TASK PROMPT> Set down each record that follows exactly. Drop the images.

*** MATERIAL PROVIDED Section Begins ***

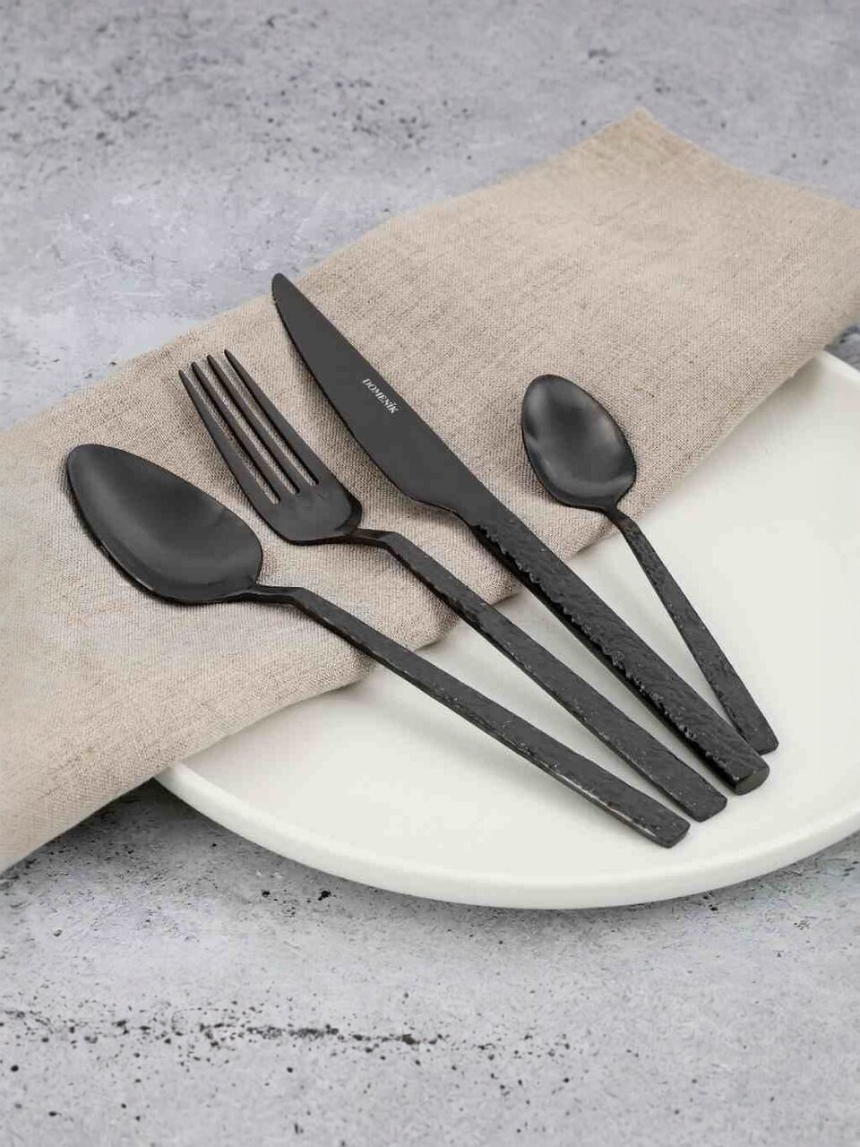 Если вы ищете, какой набор столовых приборов выбрать для подарка или сервировки на праздник, обратите внимание на этот комплект: он не требует особого ухода, не боится частого использования, а тонкие металлические ручки удобны для ежедневного применения. В отличие от аналогов с пластиковыми или посеребренными деталями, Domenik Rock Black не теряет внешний вид со временем и не требует полировки. Часто спрашивают, можно ли мыть такие приборы в посудомоечной машине — в этом наборе рекомендуется ручная мойка для сохранения цвета и текстуры.
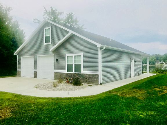 Find Tranquility on Quillette! The property is situated on Wixom Lake with over 500ft of water frontage on over 1.5 acres. This property features a custom built garage with 2x6 construction and is fully insulated. The two-car garage with living space was built in 2013 with a finished gathering area, flex area, full bathroom, laundry and kitchen with stained concrete floors throughout. The garage offers plenty of space to park your toys or set-up a workshop bench area with additional storage. The jewel of the property is the large covered porch overlooking the lake and inset fire pit. This property is a prime fishing spot and comes out to a point with with a large sandy beach that walks out into the water. There is power ran all the way to the point for a light house or tiki bar, as well as the dock side bank for a boat hoist. There are also three camper hook-ups with water, sewer and electrical so all your friends and family can come visit. This could be your relaxing up-north getaway!
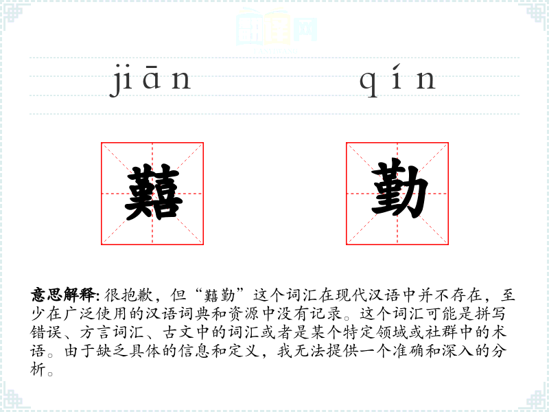 很抱歉,但“囏勤”这个词汇在现代汉语中并不存在,至少在广泛使用的汉语词典和资源中没有记录。这个词汇可能是拼写错误、方言词汇、古文中的词汇或者是某个特定领域或社群中的术语。由于缺乏具体的信息和定义,我无法提供一个准确和深入的分析。
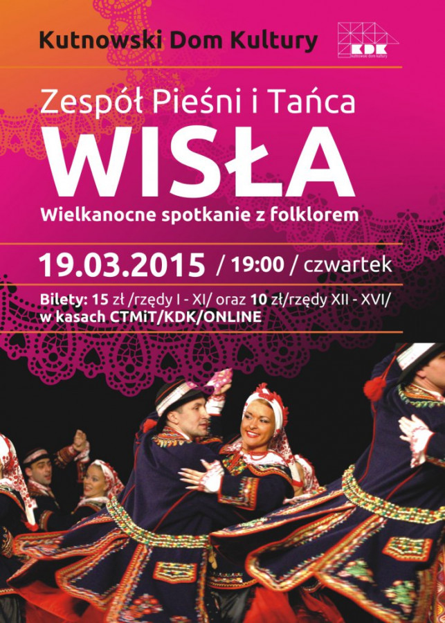 Kutnowski Dom Kultury zaprasza 19 marca o godz. 19:00 na występ Zespołu Pieśni i Tańca "WISŁA" z Płocka. Tym razem koncert to okazja do wielkanocnego spotkania z folklorem.
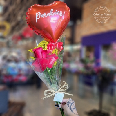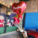 Uma rosa vermelha envolta em carinho, acompanhada de um balão pequeno em formato de coração com a mensagem "Parabéns", perfeito para celebrar momentos especiais.
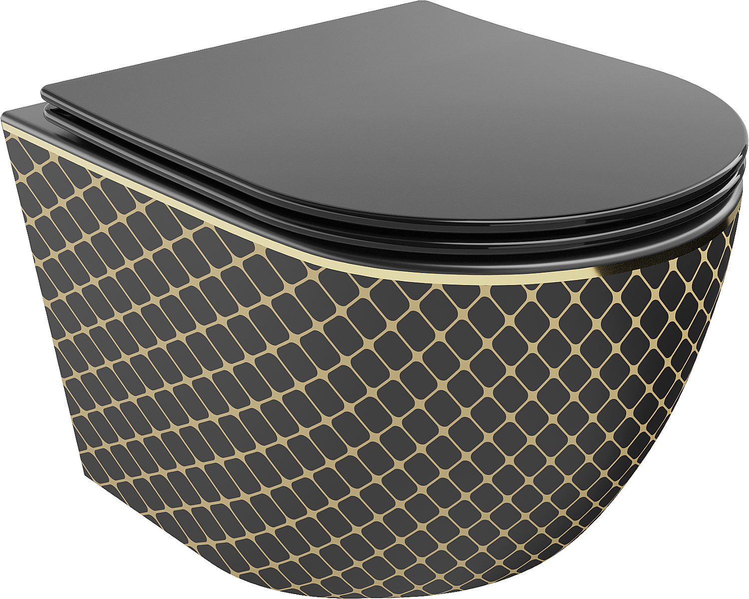 Mexen Lena mísa WC Rimless s pomalu sklápějícím sedátkem slim, duroplast, černá mat/zlatý vzor mřížka - 30224079
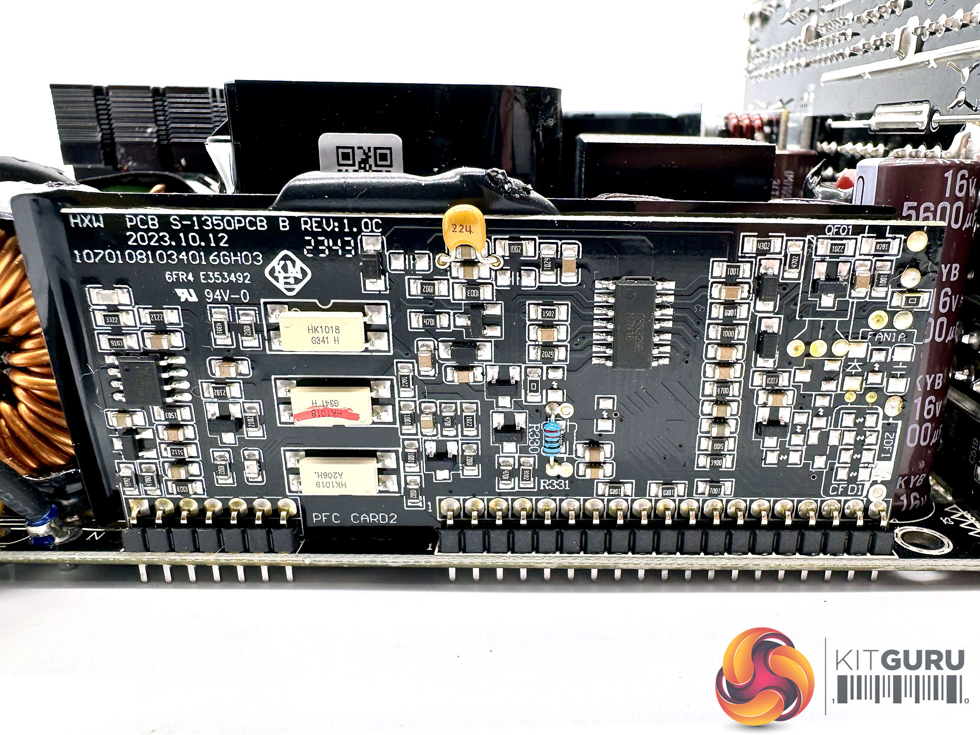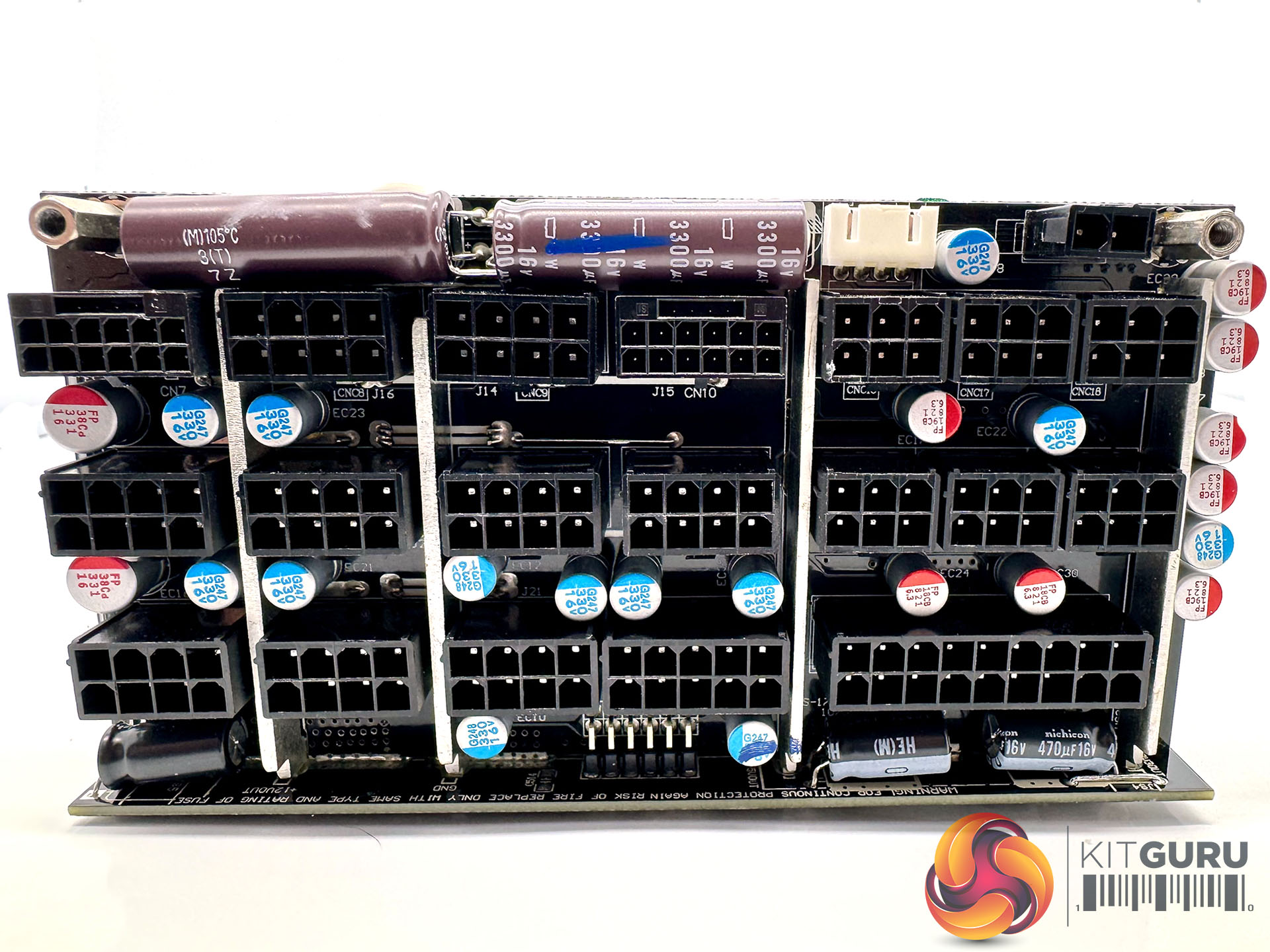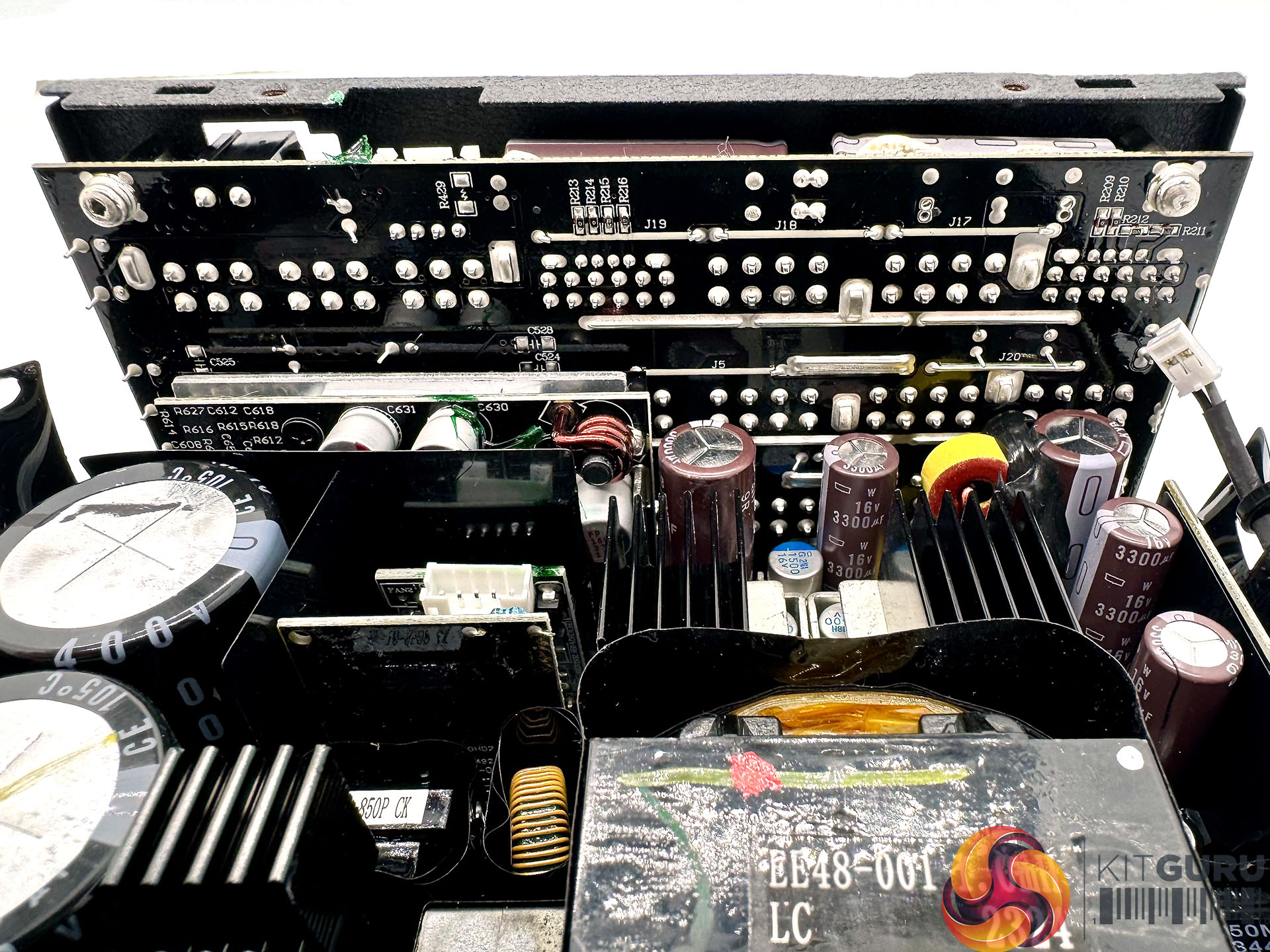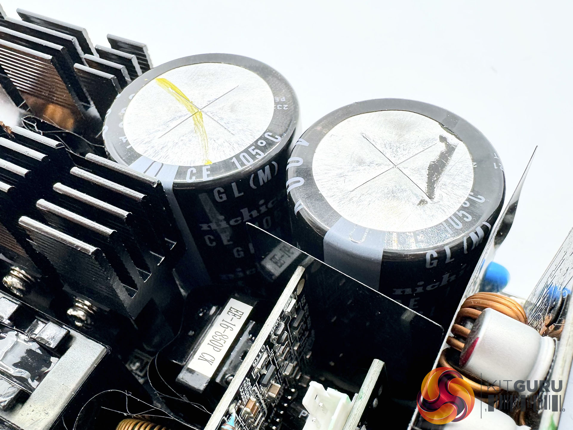 Again, we can see Enermax and SANR aren't penny pinching, as they are adopting high grade Japanese Capacitors throughout the design. A pair of Nichicon 105c rated Japanese capacitors handle the primary stage. These are rated 680uF 400V, for a total of 1360uF. Secondary stage capacitors are also high grade units we would expect to see in a power supply at this price.
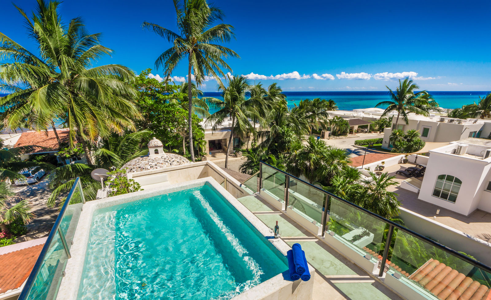 Casa Nikki is a charming privately owned 5 Bedrooms and 5 Bathrooms Villa, located in the exclusive gated community of Playacar phase 1, in the heart of the famous Mexican’s Riviera Maya. You and your group will immediately feel at home in this comfortable, spacious yet luxurious private beach villa. Built over three levels, this magnificent Mexican style villa offers you 4 king and one queen sized beds, with 5 bathrooms, where up to 10 guests can be accommodated. The estate is also completed with two pools, one at the entrance level near the beach and a plunge pool on the rooftop to sit and watch the sparkling ocean or catch the sunset!
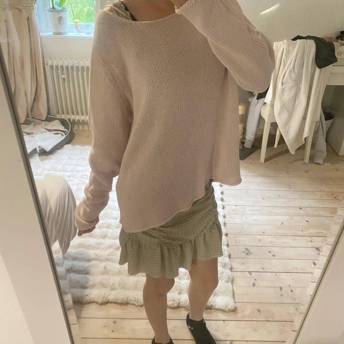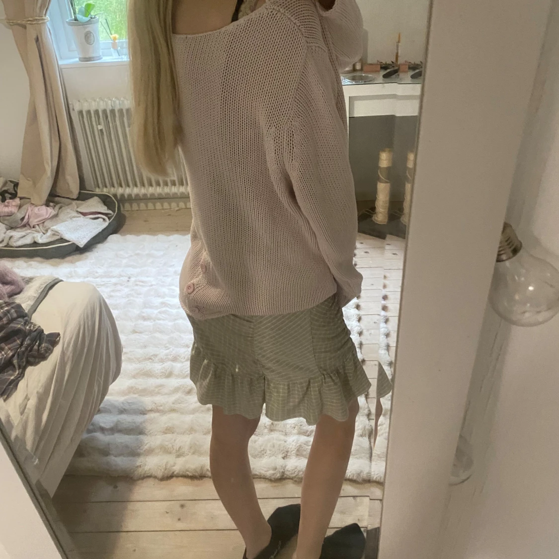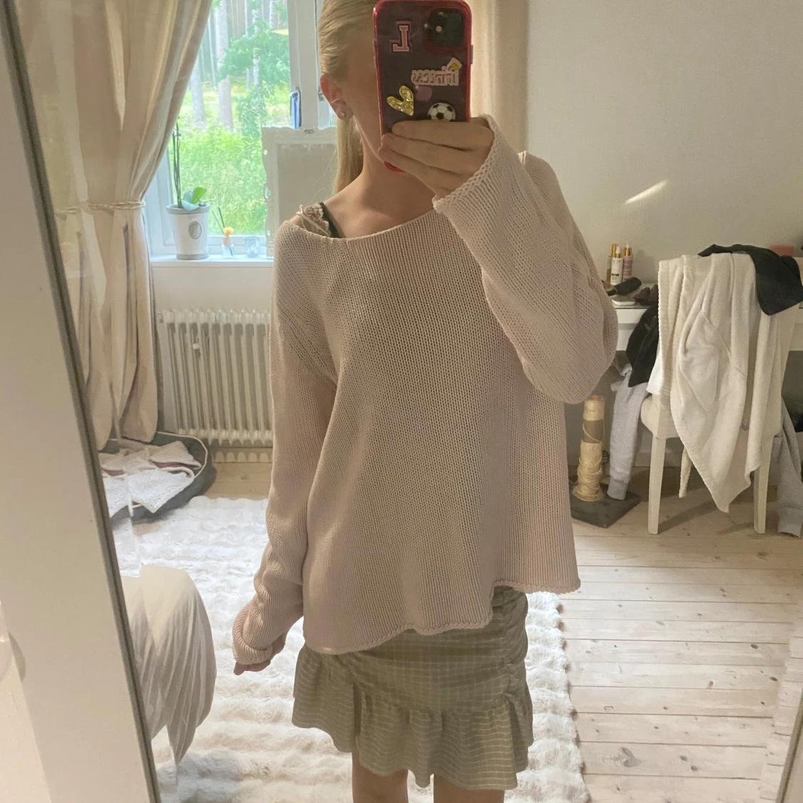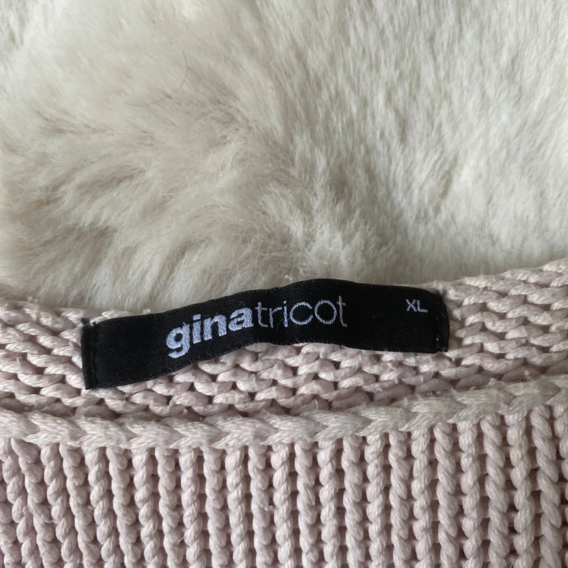 Säljer en ljusrosa stickad tröja från Gina Tricot. Tröjan har lång ärm, rund halsringning och tre dekorativa knappar bak. Perfekt för lager-på-lager och enkel att matcha med olika outfits.

*** MATERIAL PROVIDED Section Ends ***

TASK OUTPUT>
 Если вы ищете, какой набор столовых приборов выбрать для подарка или сервировки на праздник, обратите внимание на этот комплект: он не требует особого ухода, не боится частого использования, а тонкие металлические ручки удобны для ежедневного применения. В отличие от аналогов с пластиковыми или посеребренными деталями, Domenik Rock Black не теряет внешний вид со временем и не требует полировки. Часто спрашивают, можно ли мыть такие приборы в посудомоечной машине — в этом наборе рекомендуется ручная мойка для сохранения цвета и текстуры.
 Find Tranquility on Quillette! The property is situated on Wixom Lake with over 500ft of water frontage on over 1.5 acres. This property features a custom built garage with 2x6 construction and is fully insulated. The two-car garage with living space was built in 2013 with a finished gathering area, flex area, full bathroom, laundry and kitchen with stained concrete floors throughout. The garage offers plenty of space to park your toys or set-up a workshop bench area with additional storage. The jewel of the property is the large covered porch overlooking the lake and inset fire pit. This property is a prime fishing spot and comes out to a point with with a large sandy beach that walks out into the water. There is power ran all the way to the point for a light house or tiki bar, as well as the dock side bank for a boat hoist. There are also three camper hook-ups with water, sewer and electrical so all your friends and family can come visit. This could be your relaxing up-north getaway!
 很抱歉,但“囏勤”这个词汇在现代汉语中并不存在,至少在广泛使用的汉语词典和资源中没有记录。这个词汇可能是拼写错误、方言词汇、古文中的词汇或者是某个特定领域或社群中的术语。由于缺乏具体的信息和定义,我无法提供一个准确和深入的分析。
 Kutnowski Dom Kultury zaprasza 19 marca o godz. 19:00 na występ Zespołu Pieśni i Tańca "WISŁA" z Płocka. Tym razem koncert to okazja do wielkanocnego spotkania z folklorem.
 Uma rosa vermelha envolta em carinho, acompanhada de um balão pequeno em formato de coração com a mensagem "Parabéns", perfeito para celebrar momentos especiais.
 Mexen Lena mísa WC Rimless s pomalu sklápějícím sedátkem slim, duroplast, černá mat/zlatý vzor mřížka - 30224079
 Again, we can see Enermax and SANR aren't penny pinching, as they are adopting high grade Japanese Capacitors throughout the design. A pair of Nichicon 105c rated Japanese capacitors handle the primary stage. These are rated 680uF 400V, for a total of 1360uF. Secondary stage capacitors are also high grade units we would expect to see in a power supply at this price.
 Casa Nikki is a charming privately owned 5 Bedrooms and 5 Bathrooms Villa, located in the exclusive gated community of Playacar phase 1, in the heart of the famous Mexican’s Riviera Maya. You and your group will immediately feel at home in this comfortable, spacious yet luxurious private beach villa. Built over three levels, this magnificent Mexican style villa offers you 4 king and one queen sized beds, with 5 bathrooms, where up to 10 guests can be accommodated. The estate is also completed with two pools, one at the entrance level near the beach and a plunge pool on the rooftop to sit and watch the sparkling ocean or catch the sunset!
 Säljer en ljusrosa stickad tröja från Gina Tricot. Tröjan har lång ärm, rund halsringning och tre dekorativa knappar bak. Perfekt för lager-på-lager och enkel att matcha med olika outfits.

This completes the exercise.